I lie awake at night worrying about the balance sheet, but I know Mark Fields, who runs the Americas, also lies awake worrying about the balance sheet, because he now understands what it means to the company. So yeah, this is a fantastic time, and you know there are the days where you think I'd probably prefer a proper job, but most of the time I think I've got the best job in the company. Thank you.
Q Good morning, a quick question about Cash for Clunkers, we've heard a lot about it over here. Was that good for Ford, or did it just cannibalize future growth or future sales?
BOOTH: No, we think it was net good. We saw, we think, some genuinely incremental sales. The month after it didn't feel quite so good, because I think Cash for Clunkers finished in August, and September was a disaster. But that was the pull ahead of the non-incremental sales, and people who were, as you say, just cannibalizing next month's sales. But we think, we believe that maybe 40% or 50% of the spike was genuinely incremental business, and stayed there.
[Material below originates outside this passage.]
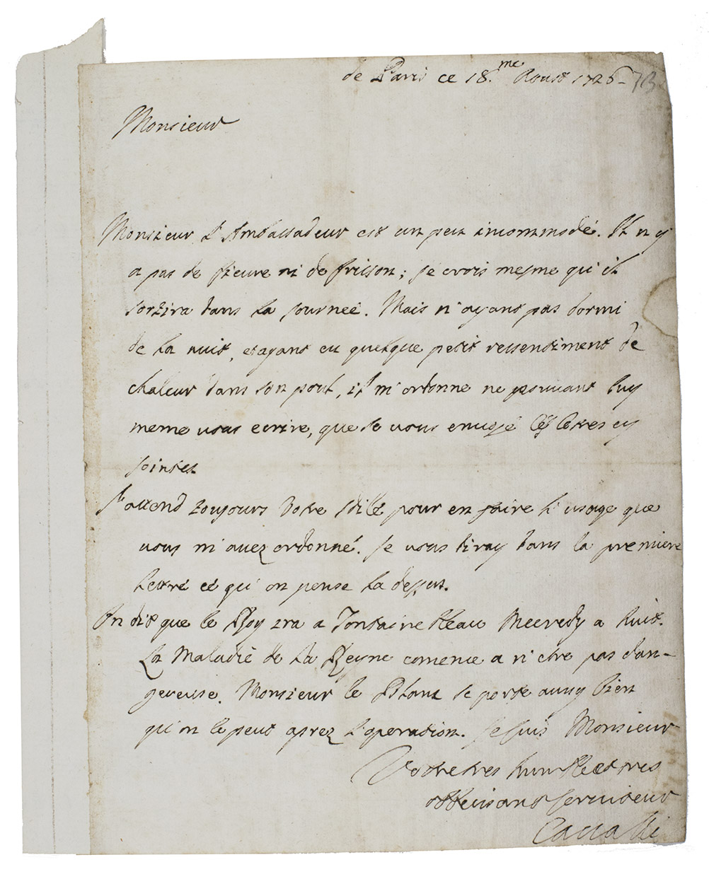 Much of the letter remains mysterious beyond the identities of Cavalli, the ambassador he served and the recipient of his letter. Charles-Henri, comte d'Hoym appears to have been Polish ambassador in Paris around this time and might have wished to keep an eye on the Queens circumstances, but we find nothing to link him to a Cavalli, whose name sounds Italian. Charles François de la Baume Le Blanc, duc de La Vallière, and his son Louis César were both at the court at this time, but we find nothing more to associate either with the "Monsieur Le Blanc" of the letter nor any clue to what they think might be done concerning Marie Leszczynska after whatever operation she was to undergo. It certainly places the letter in the dark atmosphere of court intrigues and secret operations flourishing in 18th-century Paris.

Q You talked about ways to increase access to cash through external sources of liquidity. Did you also have significant initiatives internally to kind of reap the rewards of streamlining your processes to get at internal sources of liquidity?
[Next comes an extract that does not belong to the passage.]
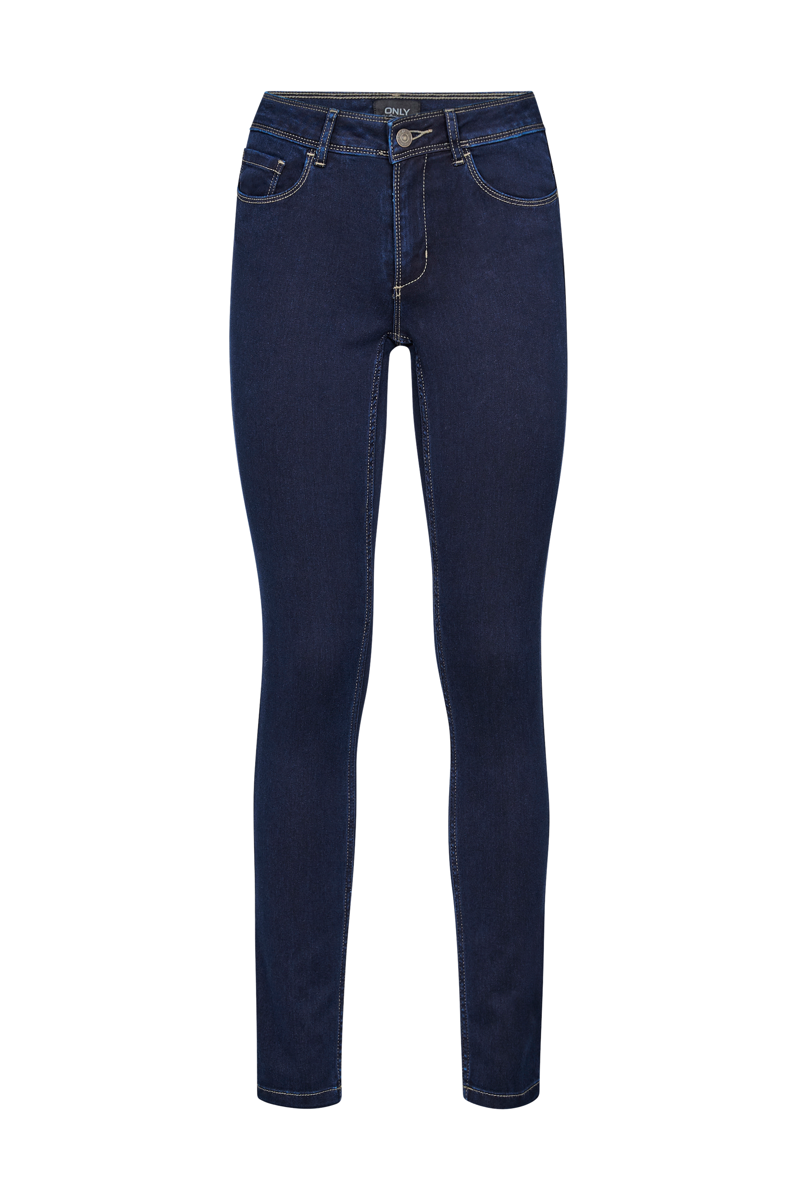 Jeans Royal Reg Skinny Fit fra Only er i deilig stretchdenim med smal passform. Femlommersmodell med dobbeltstukne jeanssømmer. Små nagler ved lommene. Glidelås i gylfen. Indre benlengde ca. 78 cm i str S/32. Fotvidde ca. 26 cm.

BOOTH: Yes, actually we're going to have a presentation from Mike Seneski later on today, but that's what I meant a little bit by the physicals of cash flow. We've worked really hard on working capital. Every operator looks at their work in progress, for example, they look at their finished vehicle stocks, they look at, particularly at year end they're looking very carefully to make sure we're not leaving a bunch of cars sort of laying around the plant for the two-week shutdown.
So yeah, I'd say that it was an area that we weren't very good at. I think also three or four years ago, people thought of inventory targets as things to meet at quarter end, and people now recognize that inventory targets are things you want to meet the whole quarter. And we've been gradually reducing the minimum operating cash to run the business. It's a big business, and you need a big chunk of cash as your minimum liquidity, but we've been working that down over the last three years.
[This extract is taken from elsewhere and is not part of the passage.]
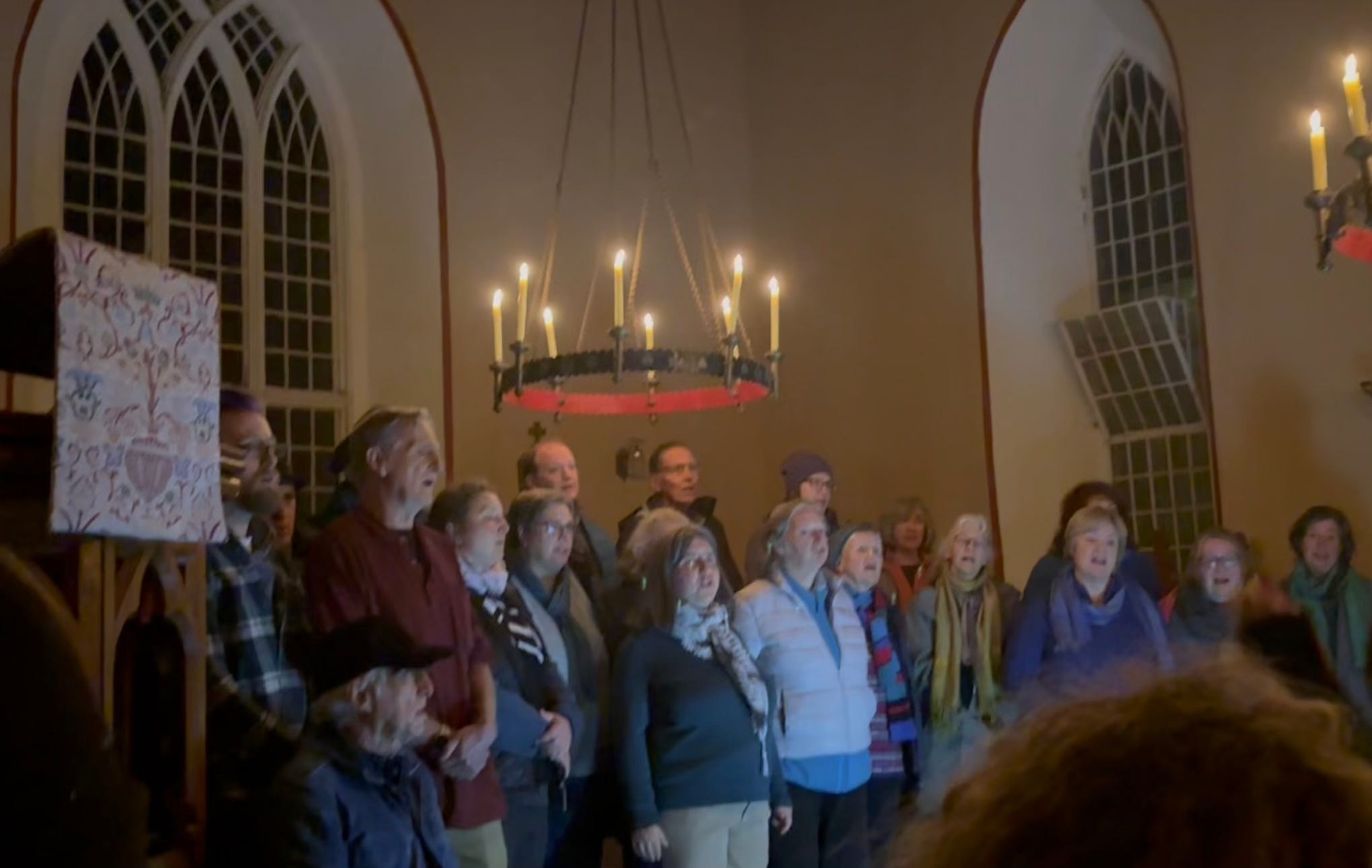It’s a perfect atmosphere for singing, though everyone is wearing coats.

Q Your efforts to derisk the pension fund; how did the growth of the alternative asset investment category worked out for you? Did that contribute to diminishing the risk in the plan, did that impact it? Did it perform as well as equities? How's that worked out for you in terms of derisking the plan?
BOOTH: I'm going to ask Kathleen Gallagher, who will be here this afternoon, who was one of the architects of the plan, to talk about that in more detail, but we've seen benefits from alternatives. We've been a bit slower to get into them than I think we originally envisioned. The allocation I showed you as our target, we're not there yet, but it has reduced the volatility of our asset base. But Kathleen will be delighted to answer all your questions, and she is our director of asset management, and she is just a magic guardian of our—I mean this is a huge responsibility, because we're acting as guardian for other people's benefits, and we're very pleased to have her. So she'll talk about that this afternoon.
We're done? Okay. Thank you very much for your time today.